The arguments collected from the OWI are fed into an Elasticsearch index. This index stores the controversial topic as claim, and all supporting and attacking text segments as premises. Moreover, it provides the curlielabels and keywords of the original text, the calculated argument quality score and the link to the original text for each argument. In the new args-demo, users can not only search for general arguments in a debate, but also for specific aspects/ sub-topics within the debate, for example arguments related to ‘deterrence’ in the discussion ‘We should fight for the abolition of nuclear weapons’.

Demo Application#

The original args.me is based on data crawled from different debate portals and is publicly accessible under the following link: www.args.me. A demo of the args.me search engine with OWS data can be tested here: www.args-reloaded.web.webis.de. In the top search box, you can search for one of the controversial topics from the ArgKP dataset. The lower search box can be used to specify a specific aspect or sub-topic of the debate for which you want to find arguments. Alternatively, this can also be left empty in order to get a general overview of arguments in this debate. The source link in each search result brings you to the corresponding webpage from which the argument was taken.

Statistics#

We extracted arguments from the curlie-collection from July until September.

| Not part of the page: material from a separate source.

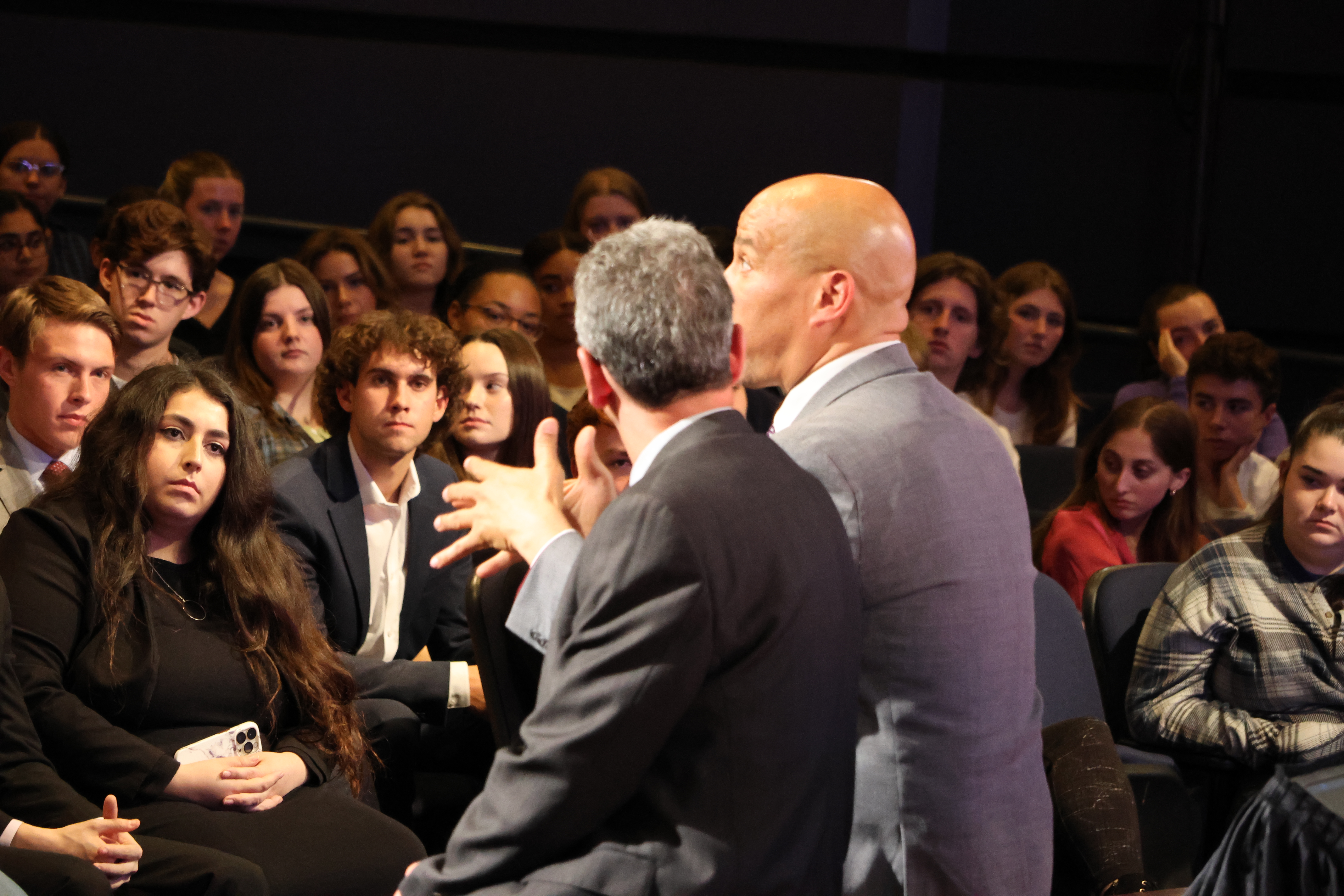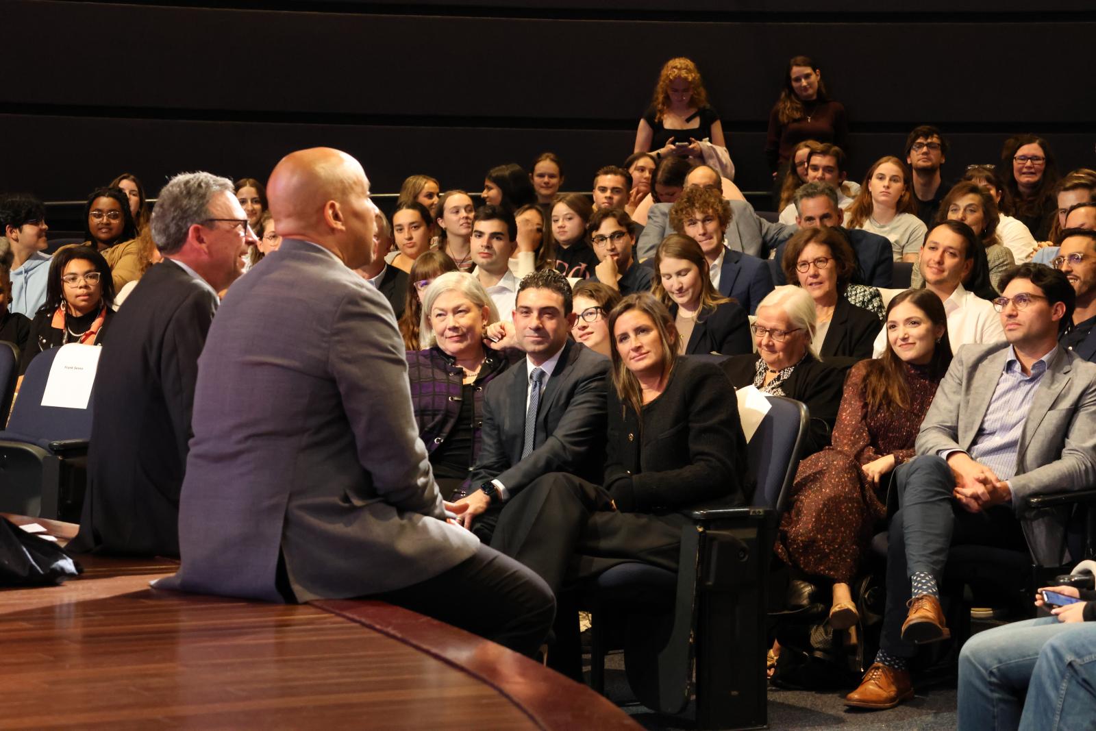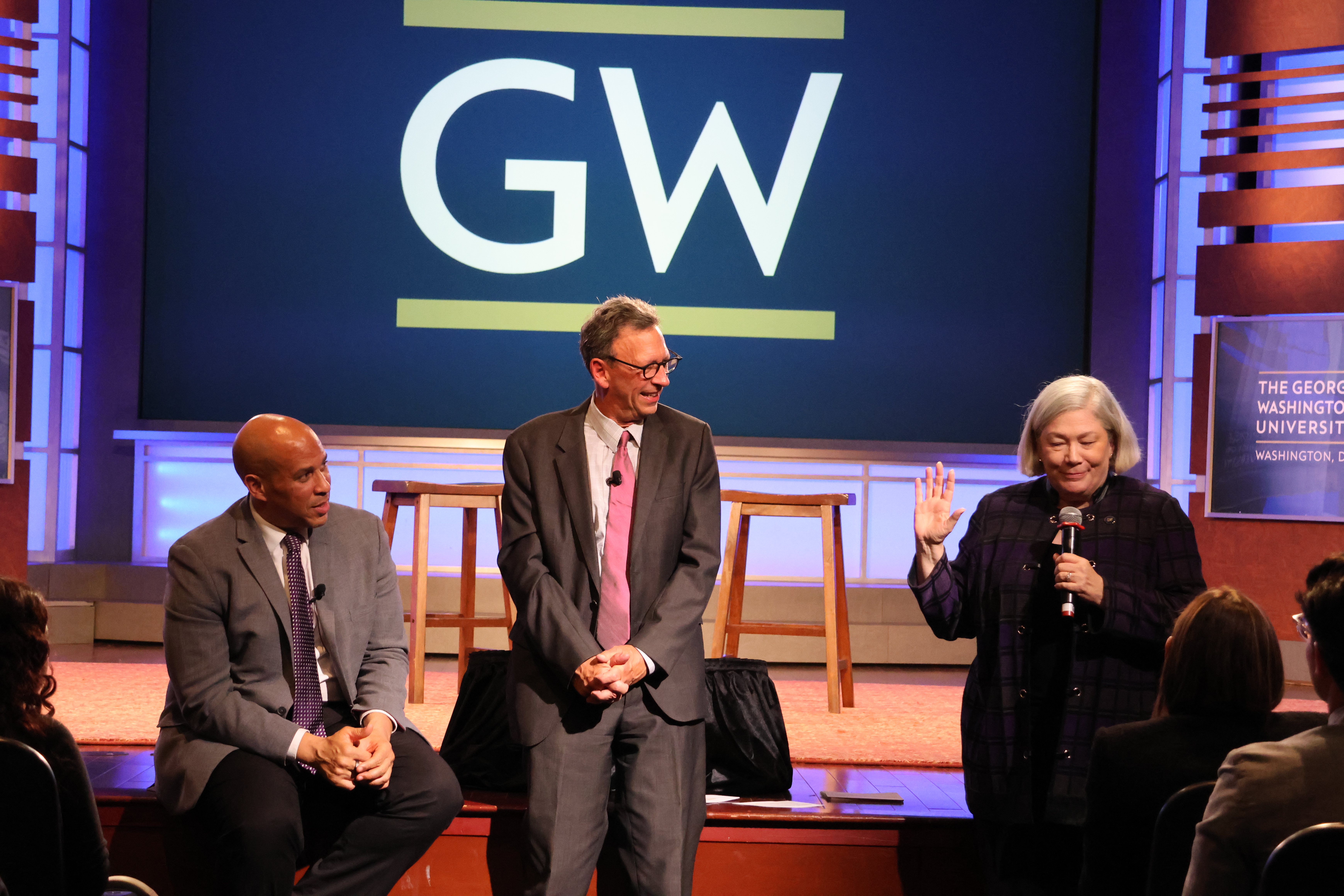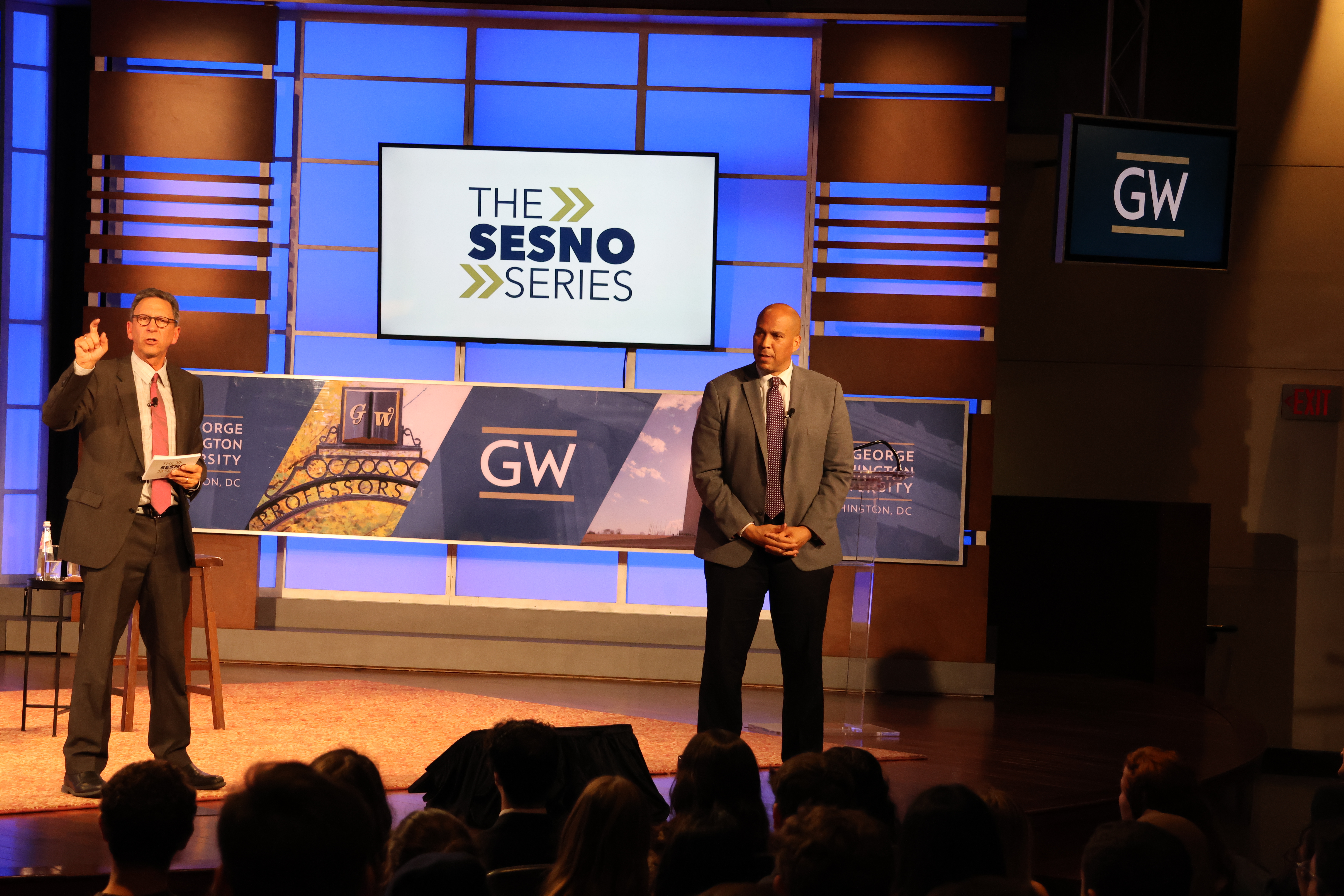 The first ever Sesno Series event, A House Divided: How to Survive our Polarized Times, A Conversation with Cory Booker, was held in September 2023. Frank and Senator Booker had an inspirational discussion on the state of our democracy and the night also featured clips from an enlightening GW student focus group led by renowned pollster Frank Luntz. Be sure to check out the recording of the event, a gallery of photos, and the student focus group clips below.

  • number of related texts: 24.359

  • number of extracted arguments (paragraph segmentations): 158.675

  • number of related texts and arguments for exemplary topics:

    • ‘We should abolish the right to keep and bear arms’: 352 texts, 4116 arguments

    • ‘We should fight for the abolition of nuclear weapons’: 111 texts, 1260 arguments

    • ‘We should abolish capital punishment’: 102 texts, 805 arguments

    • ‘We should legalize cannabis’: 975 texts, 13.319 arguments

    • ‘We should abandon the use of school uniform’: 43 texts, 184 arguments

Index Data#

We use data from the curlie_full collection index, where the curlielabels provide a categorization of web pages, which allows us to filter for potentially interesting pages. On the one hand, we search for forum pages, assuming that discussions there provide argumentative data. On the other hand, we search for webpages related to specific controversial topics in order to extend existing data on these topics. For both scenarios, the curlielabels provide a valuable categorization. For example, we can extract forum pages based on the curlielabel Chats_and_forums and train a classifier in order to also identify forum pages without curlielabel. More specific categories such as ‘Abortion’ (path in curlie-tree: ‘Society/ Issues/ Abortion’), ‘Homeschooling’ or ‘Vegetarianism’ (‘Society/ Lifestyle Choices/’) can help to find webpages related to controversial topics.

Evaluation#

TODO ?

Sustainability and ELSA#

Source Code and Installation#

TODO

Publications#

Original args.me#

Building an Argument Search Engine for the Web (Wachsmuth et al. 2017)
Data Acquisition for Argument Search: The args.me Corpus (Ajjour et al. 2019)

Recent#

Segmentation of Argumentative Texts by Key Statements for Argument Mining from the Web (Zelch et al. 2025)
Reproducing the Argument Quality Prediction of Project Debater (Zelch et al. 2025)

Future and Outlook#

We plan to further extend the current argument index by more data from the OWI. Apart from that, we want to enrich the index with more argument-related information such as key points. Additionally, we work on a forum classifier in order to find forum threads. These threads could also prove to be a valuable data source for collecting arguments on various topics, especially since they already provide some kind of reference between the differen posts. The forum classifier can then also be implemented as a preprocessing module and added the index creation pipeline.